Secretary of State Marco Rubio said Friday that it “would be lamentable” if a United Nations Security Council resolution on the Strait of Hormuz didn’t pass, adding: “Let’s see if the United Nations still works.”
The draft resolution, tabled by Bahrain, calls on Iran to immediately stop its attacks and threats against vessels in the strait and to end attacks on Persian Gulf states. It also addresses the placement of sea mines in the vital waterway, and Iran’s efforts to impose tolls on commercial ships using the strait.

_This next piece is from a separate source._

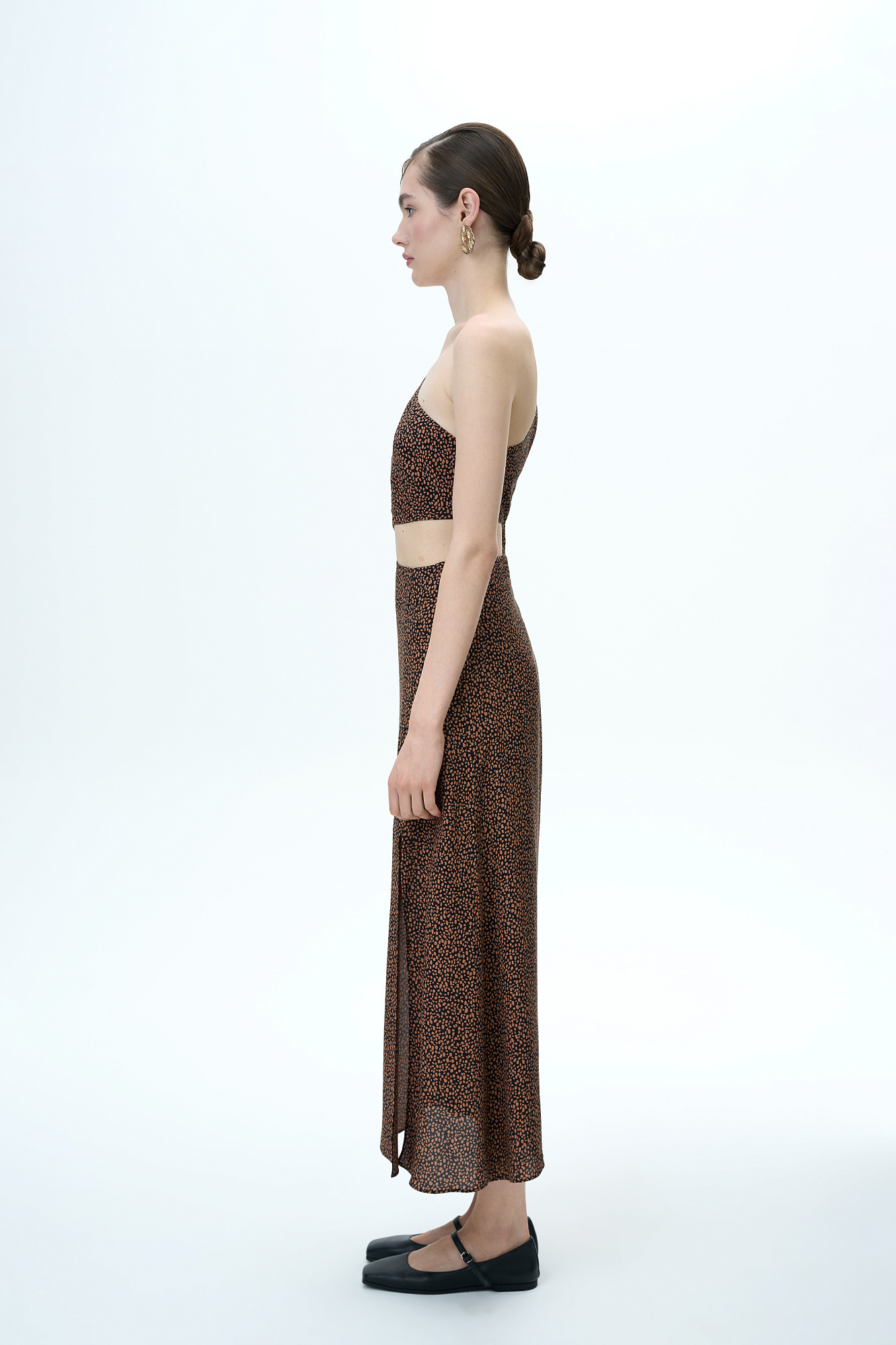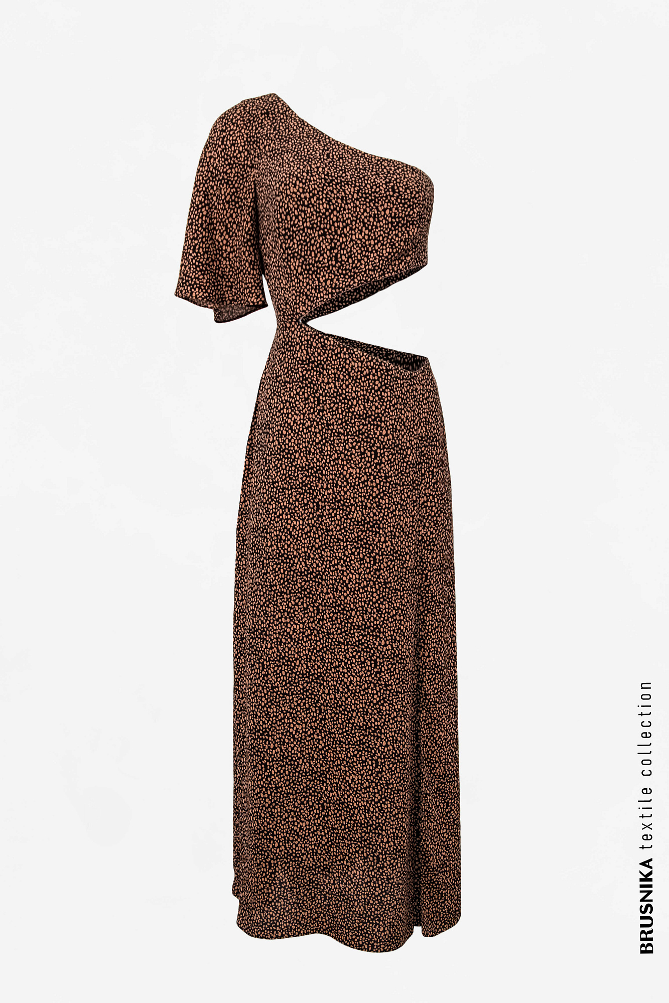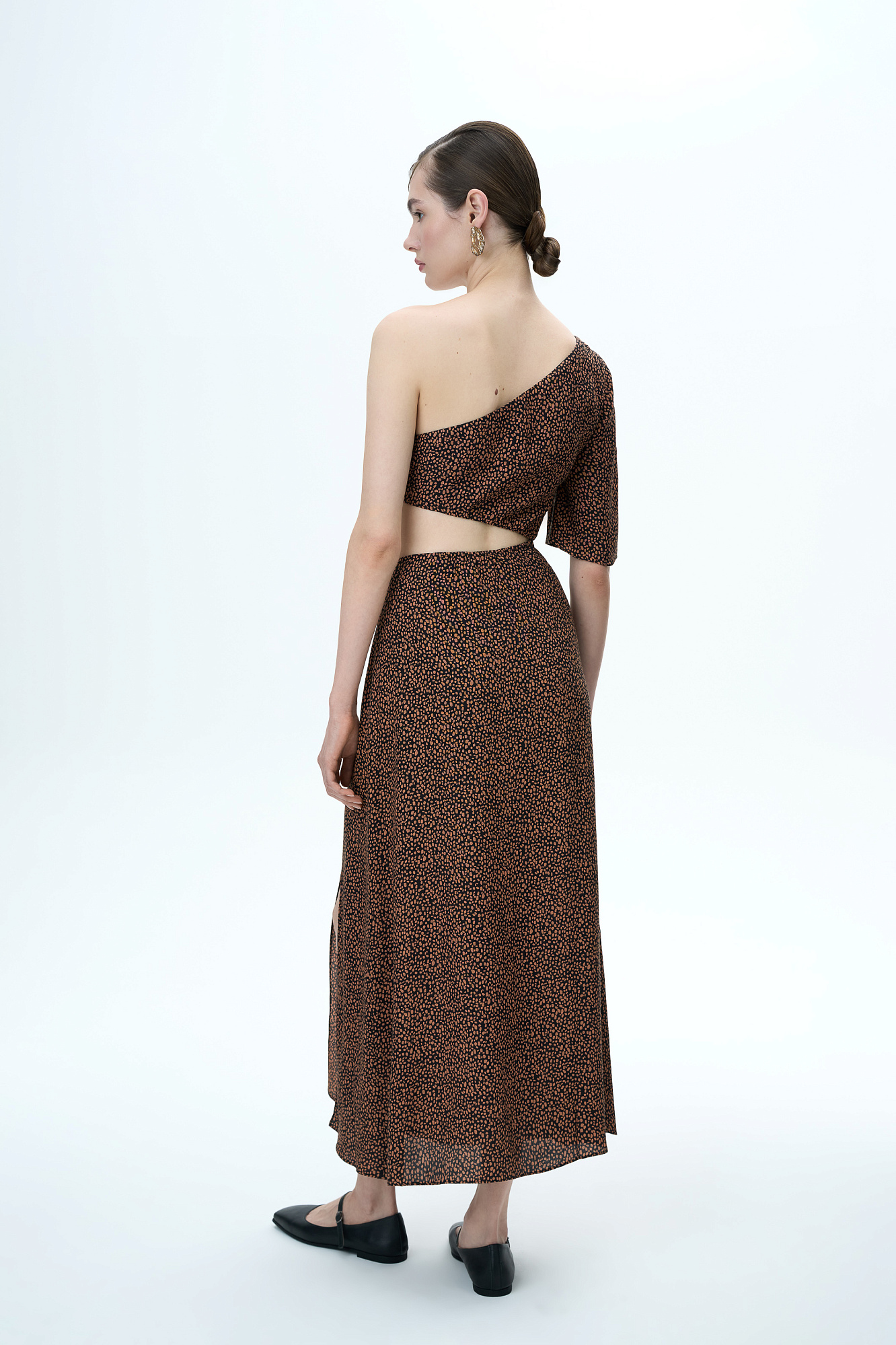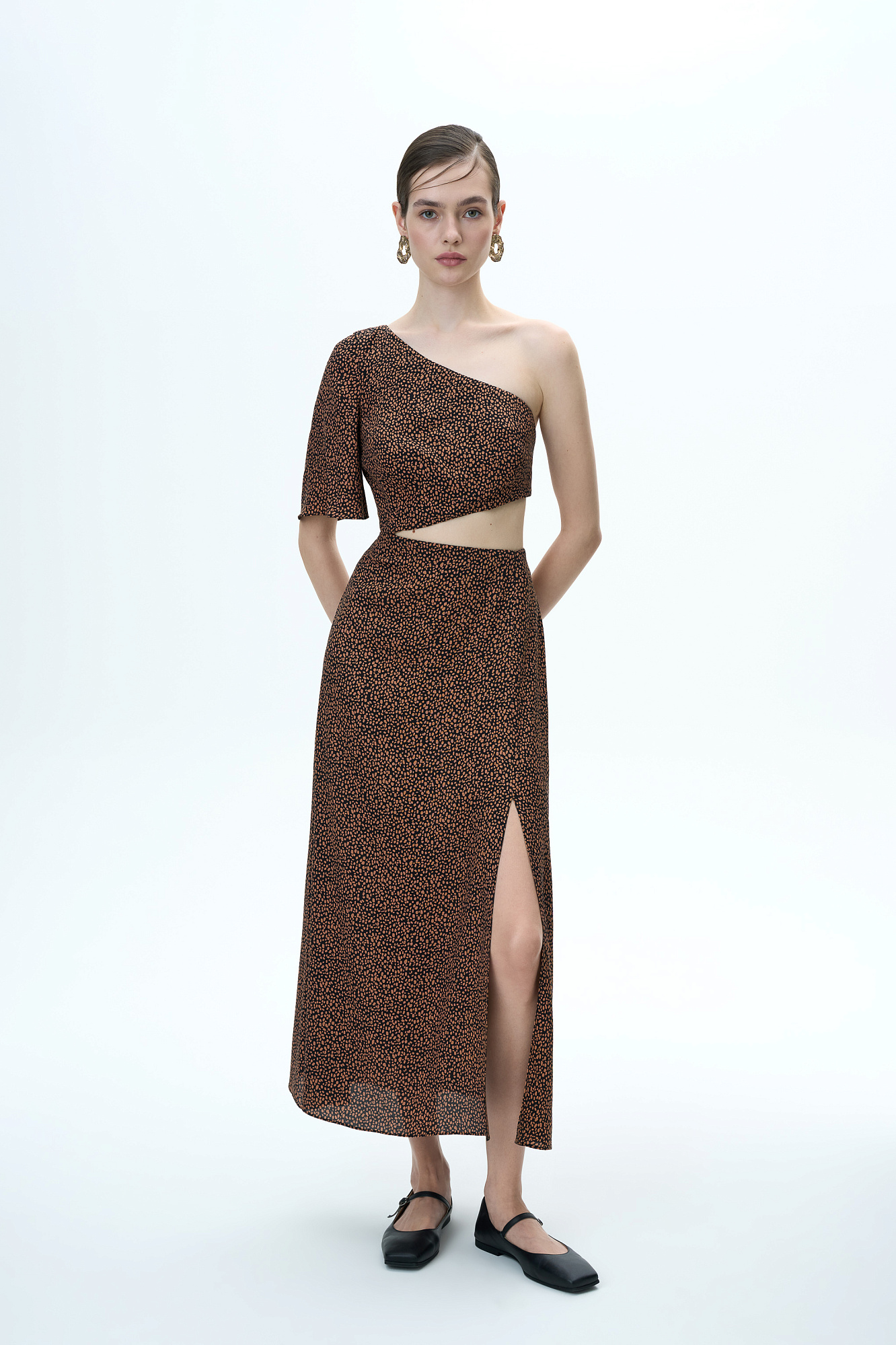 Платье из вискозы с открытым плечом, вырезом на талии и разрезом сбоку.

Speaking to journalists ahead of a meeting of NATO foreign ministers in Sweden, Rubio said the draft resolution had “the highest number of co-sponsors of any resolution ever” at the council, the UN body tasked with maintaining peace and security through legally binding resolutions.

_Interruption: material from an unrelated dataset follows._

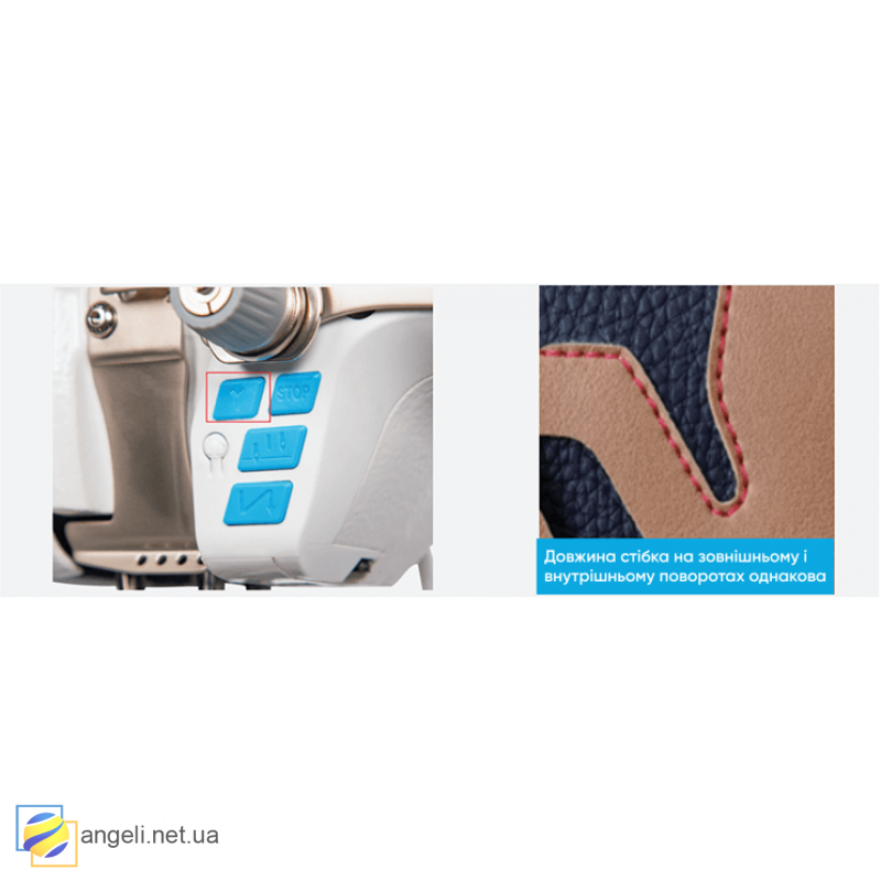- Автоматичні функції: підйом ролика, закріпка, обрізка нитки, шпуленамотувач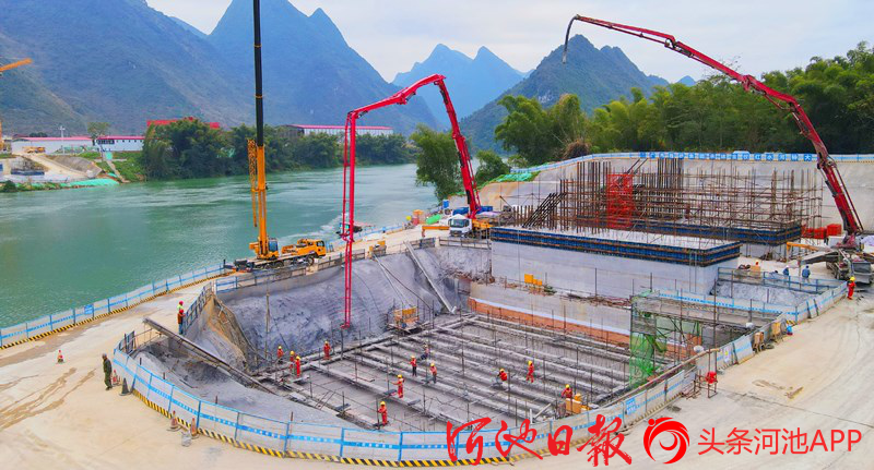△金钗红水河特大桥拱座浇筑施工现场。

“Unfortunately, a couple of countries on the Security Council are thinking about vetoing it,” he added. “That would be lamentable.”

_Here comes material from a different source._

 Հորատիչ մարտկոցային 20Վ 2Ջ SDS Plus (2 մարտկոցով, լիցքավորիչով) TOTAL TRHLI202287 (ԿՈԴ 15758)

A similar resolution, also tabled by Bahrain, was vetoed last month by China and Russia, which, like the U.S. and the council’s two other permanent members, can unilaterally block a measure.
“We are doing everything we can though to achieve the sort of global consensus that’s necessary to prevent this from happening,” said Rubio. “Let’s see if the United Nations still works.”
He said “almost every country represented here today” had co-sponsored the resolution, “and if they haven’t, I’m sure they soon will because I don’t know of anyone in the world … that should be in favor of a tolling system in an international waterway.”
Majid Asgaripour/WANA via REUTERS
Iran’s Ambassador Amir Saeid Iravani told reporters in early May that the draft was “deeply flawed, and one-sided.”
Saeid argued the solution to the crisis in the strait is a permanent end to the U.S.-Israeli war with his country, and the U.S. blockade of Iranian ports and vessels.